For one Elden Ring doesn't scale enemy levels to your own at all so jumping into a later region means you're always dealing with stronger enemies, making the risk-reward prospect of doing so very real. 

But perhaps more notably the way its different areas are connected makes finding these new ones more than a simple matter of choosing a direction and heading towards it. 

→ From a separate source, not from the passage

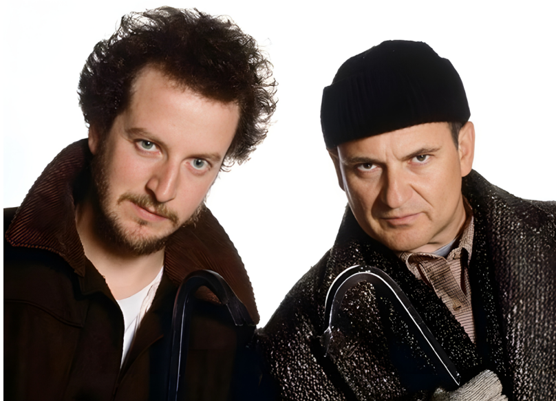
Figura 5. Fotografía promocional de los ladrones

caracterización visual (fisionomía y vestuario) reflejada en la música. De ahí la elección del compositor hacia unas características que remiten al cine mudo, e incluso a la animación.

Limgrave is designed very specifically with a main path in mind that takes you through Stormveil Castle and finding a way around that feels like you've truly discovered a hidden passage or alternate route, which is a super cool feeling not present in most open world games I've explored. 

You also have more freedom in how you approach combat than any previous FromSoftware game, thanks to a bunch of familiar new systems that are used in interesting ways here. 

You can crouch walk and use stealth to avoid detection or more easily sneak up for a backstab, you can fight on horseback, you can craft items on the fly, you can summon a huge variety of creatures to fight for you and most substantially, you can equip ashes of war to your weapons and completely change their affinity and skill. 

The most important element of Elder Ring's philosophy though is the freedom to just walk away and do something else when you hit a wall. 

Elden Ring is hard which is to be expected from a FromSoftware game but its difficulty surprised me even as a veteran of the Souls like genre. 

I hit multiple points even all the way up to the moment I reached the very last boss, where I had unlocked paths to several bosses and simply could not make headway on any of them. 

But even though i hit dead ends on those paths, there was always somewhere else I can go, a region I hadn't thoroughly explored, an NPC quest that I had set aside for later, a light of grace indicator that I had not yet followed. 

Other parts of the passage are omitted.